> [Task requirements] Each line from the one with "Не упустите возможность" through the end of the records below should be transcribed exactly, and each picture should be skipped.

[Stored items]
=-=-=

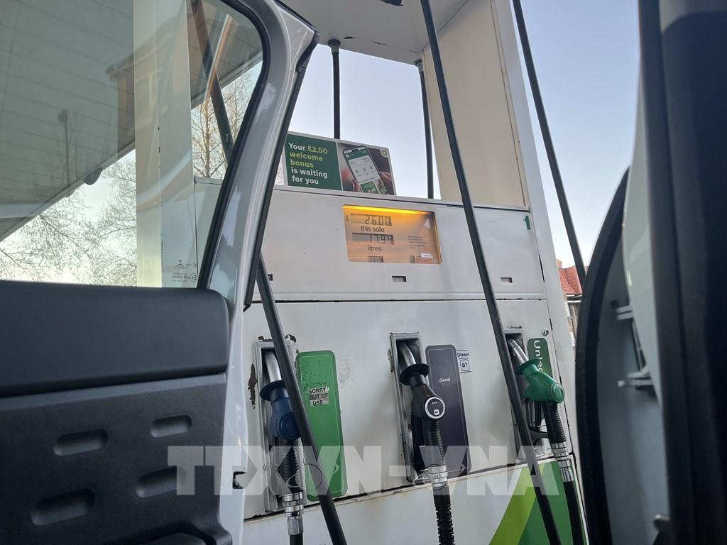 Thiết bị bơm nhiên liệu tại một trạm xăng ở London. Ảnh: Hương Giang - PV TTXVN tại Anh
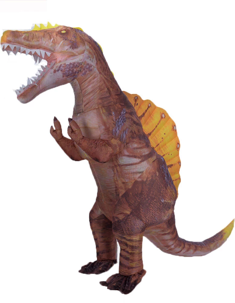 The inflatable Brown Spinosaurus is a one size fits most costume for height 5’2″-6′(160-185cm)
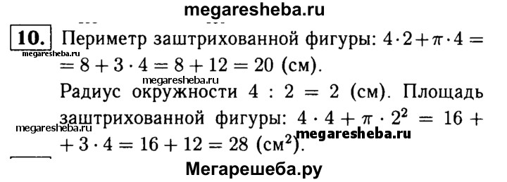 10. Найдите периметр и площадь заштрихованной фигуры, изображенной на рисунке 25, если сторона квадрата ABCD равна 4 см. Примите п = 3.
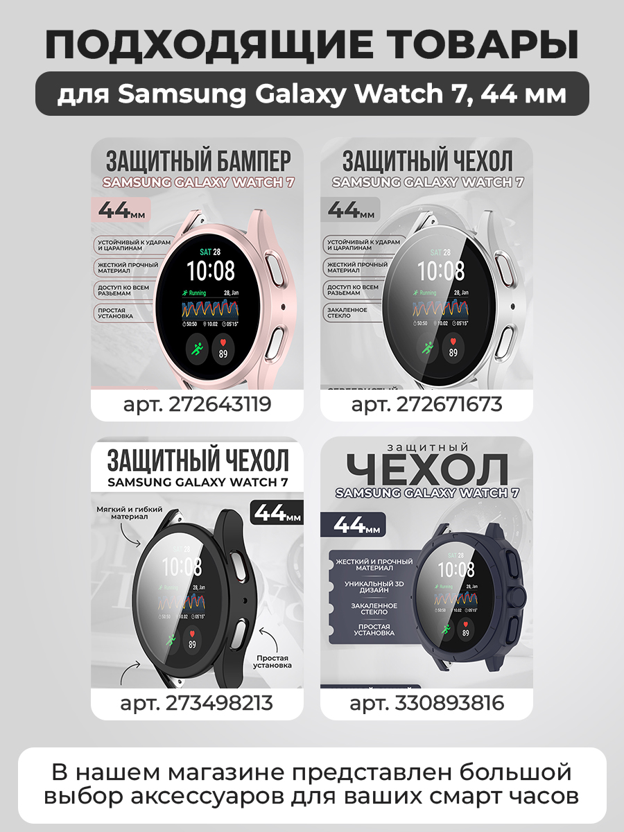 Не упустите возможность обеспечить смарт-часы гелакси вотч 7 надежной защитой и стильным внешним видом. Защитный чехол со стеклом для Самсунг Гелакси Вотч 7 44 мм — это гармония стиля и функциональности, доступная каждому владельцу этих умных часов.
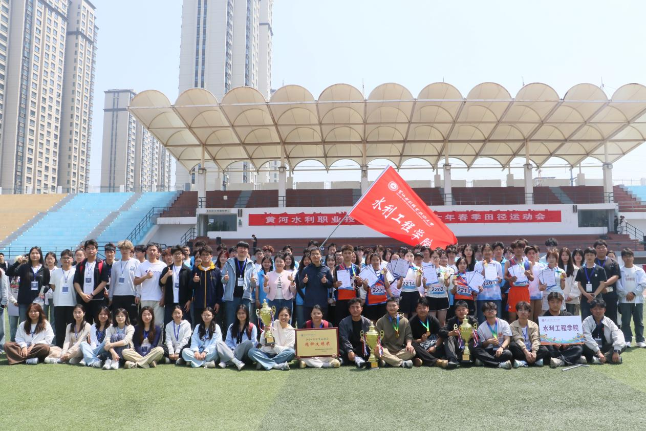 4月17日上午,黄河水利职业技术大学2026年春季田径运动会圆满闭幕。水利工程学院全体师生奋勇争先,一举斩获女子团体第一、男子团体第一、团体总分第一名,并荣膺精神文明奖,实现“三冠加冕”。
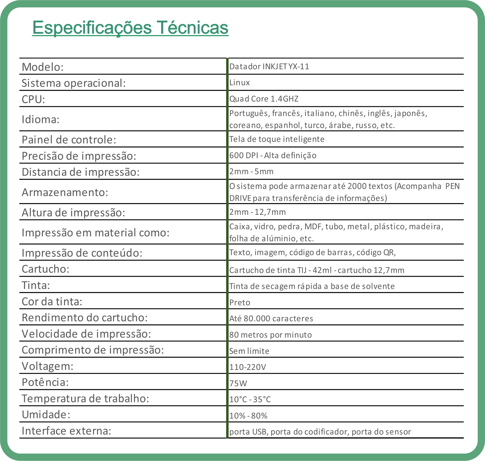 INKJET YX-11 é uma impressora a jato de tinta de alta resolução com tecnologia TIJ 2.5
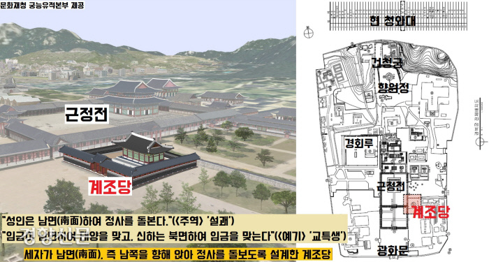 기어코 대리청정을 성공시킨 세종은 1443년 4월17일 세자가 신료들의 조회를 받으며 정사를 펼칠 정당(집무실)을 세웠습니다. 그것이 계조당입니다. 세종은 원래 계조당을 남쪽을 향해 지었습니다.
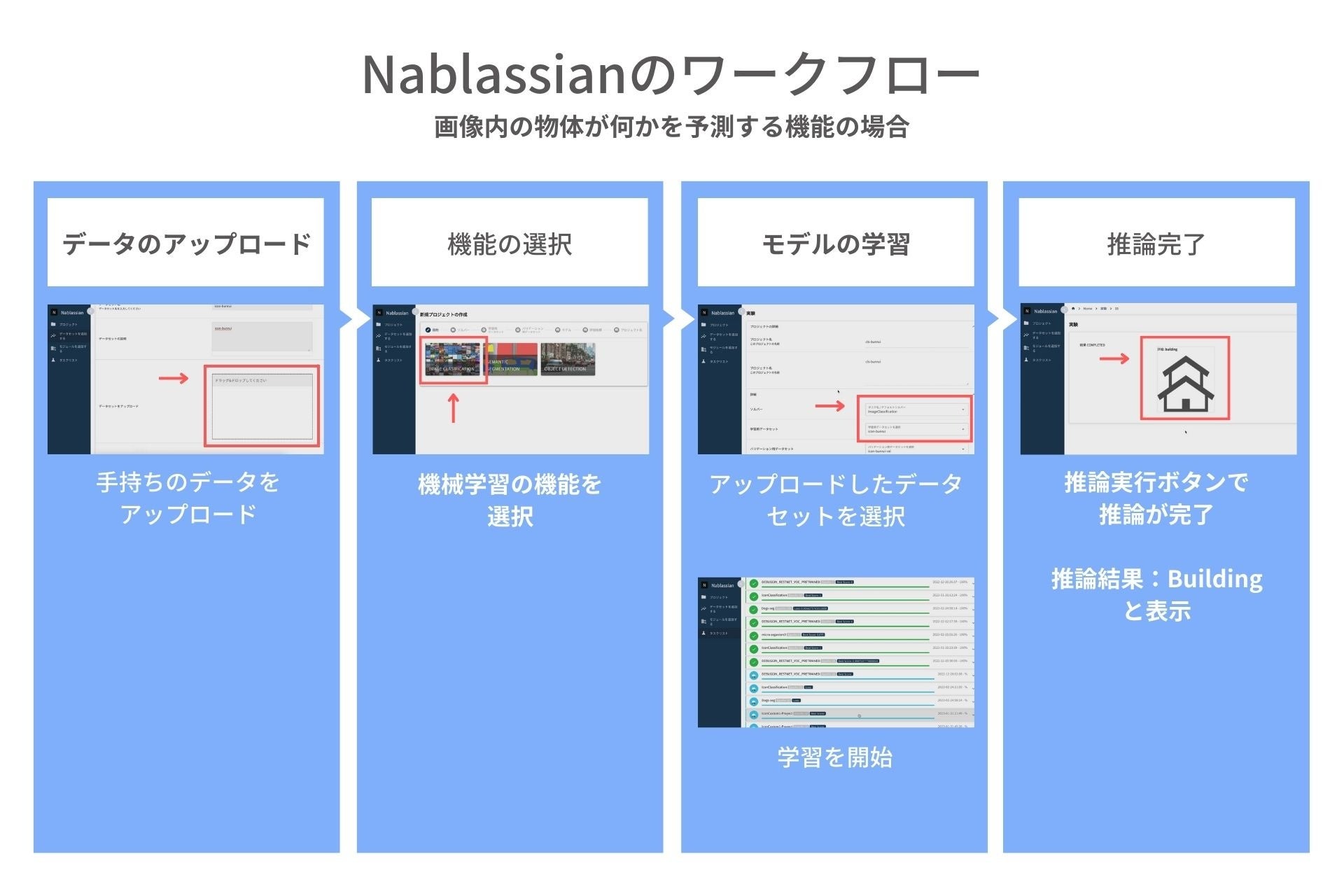「 Nablassian」はAIの専門知識不要で、誰でも簡単に操作をすることが可能です。基本的なワークフローはデータのアップロード、実行したい機能の選択、アップロードしたデータでモデルを学習、 機能の実行の4ステップです。

=-=-=

> [Completed task]
 Не упустите возможность обеспечить смарт-часы гелакси вотч 7 надежной защитой и стильным внешним видом. Защитный чехол со стеклом для Самсунг Гелакси Вотч 7 44 мм — это гармония стиля и функциональности, доступная каждому владельцу этих умных часов.
 4月17日上午,黄河水利职业技术大学2026年春季田径运动会圆满闭幕。水利工程学院全体师生奋勇争先,一举斩获女子团体第一、男子团体第一、团体总分第一名,并荣膺精神文明奖,实现“三冠加冕”。
 INKJET YX-11 é uma impressora a jato de tinta de alta resolução com tecnologia TIJ 2.5
 기어코 대리청정을 성공시킨 세종은 1443년 4월17일 세자가 신료들의 조회를 받으며 정사를 펼칠 정당(집무실)을 세웠습니다. 그것이 계조당입니다. 세종은 원래 계조당을 남쪽을 향해 지었습니다.
「 Nablassian」はAIの専門知識不要で、誰でも簡単に操作をすることが可能です。基本的なワークフローはデータのアップロード、実行したい機能の選択、アップロードしたデータでモデルを学習、 機能の実行の4ステップです。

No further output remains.